The Holidays: Part Two

If you are behind in your Christmas shopping, haven’t ordered your cards, and couldn’t bake a cookie without a gun to your head, you have come to the right place.  In comparison to me, everyone can feel good about their progress.  I am in React Mode.  If something bites me, I deal with it.  Otherwise, I’m spiralling downward to holiday disaster at an ever-increasing speed.  Take yesterday.  My mother finished her Christmas shopping, boys and puppies got away with who-knows-what, and people sold Second Novels while I searched for an old photograph.  I spent hours digging through boxes and drawers while my to-do list waited for me to come to my senses.  I stayed on the trail of the elusive picture to my utter and totally unnecessary peril.      

It started when the boys unpacked the red and green bins last weekend.  They pulled out photos and decorations seen once a year, relics of the past.  They talked while they worked and it was clear they were looking back.  And I looked back, too.  Year by year, all the way back to their births.  And I realized that there was a last Christmas when they were all four little boys.  And we took a picture of them that year. 

I found it.  Or at least I found a scan of it. 

I have now safely re-scanned it for posterity, or at least until my computer gets upgraded.  I will spare you the details of how I feel about this picture and why I had to have two hankies (make that three) to finish writing this post.  But in this chaotic season, in this year of birds leaving nests and debut novel launch preparations, it feels good to hold onto things that are not moving.  And to be able to put my hands on them.

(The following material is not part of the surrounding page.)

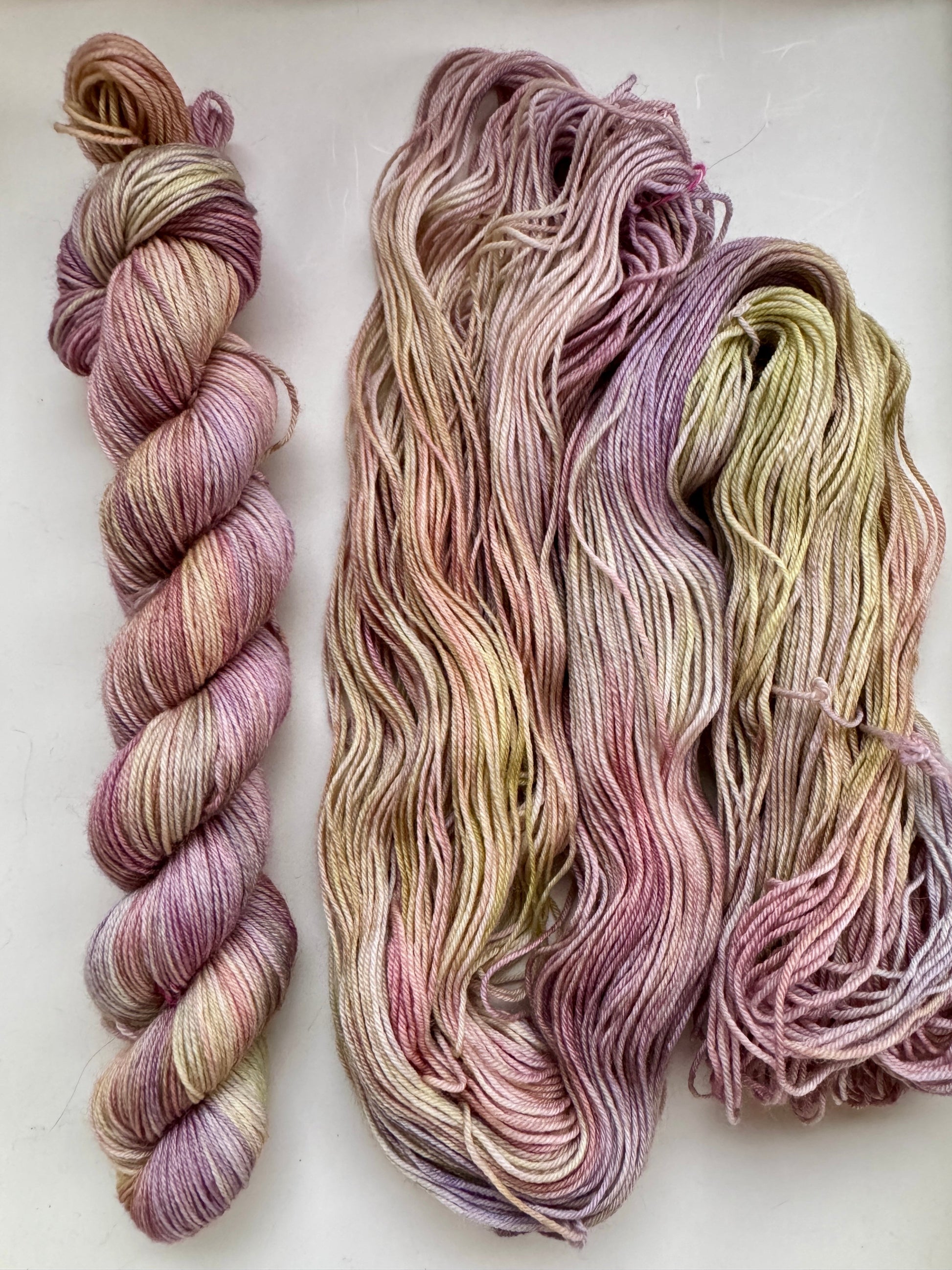 Bluefaced Leicester is a really robust fibre. This yarn has a toothy texture and makes great socks. For a super tight gauge knit on 2.25mm needles, and for a slightly lighter fabric use 2.5mm.

Filed under Christmas, Cindy Jones, Motherhood, My Jane Austen Summer, teenagers

2 responses to “The Holidays: Part Two

  1. jlspsi

    I have that picture, too. Only mine has my four boys at the farmer’s market back in the days when the kids could climb on a pile of pumpkins dumped in the middle of the parking lot. I can’t find the original right now, only a copy on typing paper, a left over that didn’t make it into a Christmas card that year. That last photo before number one becomes a silent adolescent (boys don’t share much anyway). It would be only a few years later that number 3 and I actually cried because everything had changed and all those good times of everyone playing together, putting on plays with costumes or running around the yard shooting nerf guns at each other, had come to its inevitable end. This year boy number two came home from Seattle and boy number from school for Thanksgiving and boy number three lay on the couch, the first of all six of us to feel the effects of a deadly virus, while the older two joined boy number four in decorating the Christmas tree. They were doing it for me even though not one of them complained…

    • Not only do you understand, you’ve experienced the same thing. In the process of looking for the elusive photo, I got to see all the other pictures we took and remember all of the things we used to do, like you say. I hope you put your hands on that pumpkin photo.